I worked for RA way back when at The Towers Suite  and John Peel Room and Mama Leones. and La Fonda Del Sol. They were ahead of ther time. President was Irv Wexler and VP was his son in law Mr. Brody.  Ex corp chef at that time was Al Stockley Best Chef they had was Phil Panzarinno who went on to teach at city college. Great company in their day.


----------



## boar_d_laze (Feb 13, 2008)

Other than, "eat less, drink water, be happier," where's the philosophy?  Call me a snob, but somehow I just don't see Kreuz and Kant in the same imperative category. 

BDL


----------



## mustaroad (May 15, 2010)

The philosophical truths behind food, the cooking of, and of cooking_ for_ was deeply engrained in my decision to be a cook. However the theological / philosophical / & general research knowlege from when I was in my late teens and early twenties is now behind a dense fog of practical experience and social engaguements. I plan to keep rolling until it peaks through again.

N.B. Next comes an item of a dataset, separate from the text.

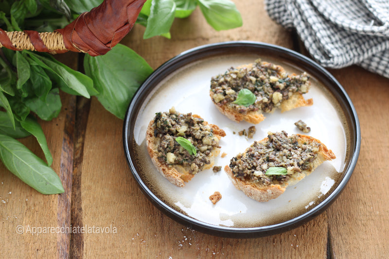 A Pesto Nero a klasszikus pesto egy igazán különleges változata, amely a liguriai Taggiasca olajbogyók kifinomult ízét ötvözi a földrajzi eredetvédett genovai bazsalikom frissességével.

I love the fact that there_ is_ established philosophys of food but may not be able to revisit the subject except in my dreams, retirement, or untimely demise. Oh, there will also be those smokey rooms late in the night in San Fran to recall who we are and why.

Bon Appetit My Friends!


----------



## dcarch (Jun 28, 2010)

"-----

Come on! Satisfaction from food comes entirely from the taste of food. Nothing else.---"

That is scientifically wrong.

Satisfaction comes from satiating hunger.

When you are hungry, everything tastes good.

dcarch


----------



## chefedb (Apr 3, 2010)

I worked for Rest associates back in the 60s. They were way ahead of their time with their concepts. The Forum, La Fonda del sol,Towers Suite Leones, etc. They sold you atmosphere and ambiance as well as good cuisine. Experimental chef was Al Stockley, Pres was I. Wechsler. Chief officer  j. Brody (his son in law). 

    The worlds fair food was a disaster overpriced and junk. Guys came over just to try and establish citizenship.Some stayed most went home. $ seasons was good operated later on  by Paul Kovi and Tom M. when it even got better.

But best of all Was A.Soltners Lutece No one could top it for over 10 years.Delmonico's sign still remainson building to this day downtown in Manhattan. All of this before celebrity chefs existed.


----------



## boar_d_laze (Feb 13, 2008)

This thread is confusing me. I don't see much I recognize as philosophy except implied reactions to epicureanism and/or stoicism in several of the posts; but the philosophical thoughts are never made explicit. I certainly have no idea of what Ed or foodchef are getting at, and Mustaroad is just a tease.

Philosopheroffood is the exception in that she is specific about her references; and if that's not philosophy at least it's something. Her blog/website is darn good and worth reading.

Just as an offhand and obvious remark, the best veins of philosophy to mine for thoughts about food are aesthetics and ethics.

Food is more than merely about sustenance and/or self gratification; or at least it should be.

My first inclination is to approach the subject from a phenomenological perspective more than anything else. Please, no _Being On Time_ references. Seriously. Throw in some Rogers/Maslow if you like as well.

Food preparation (comes before consumption) is about a lot of things, not just about self, it is -- or at least can be -- is also about love of others. Similarly, it can and should be an existential act. Learning and preparing food well is equally an exercise in creating a phenomenological artifact and an act of self-actualization and authenticity.

Consuming food can also be an act of sharing, and therefore of love -- with all of love's ramifications. If I take you to your favorite restaurant for your birthday, is that sustenance or self gratification? For most human beings, mother's milk was among our very first experiences with love and food remains powerfully evocative. Fail to understand and make use of that and your life is poorer.

For more on the interrelationship between food and love, read philosopheroffood's adventures with Noah.

BDL


----------



## mustaroad (May 15, 2010)

To Feed = The providance of nourishment to the famished..

The better the restoratives --> The better the party.


----------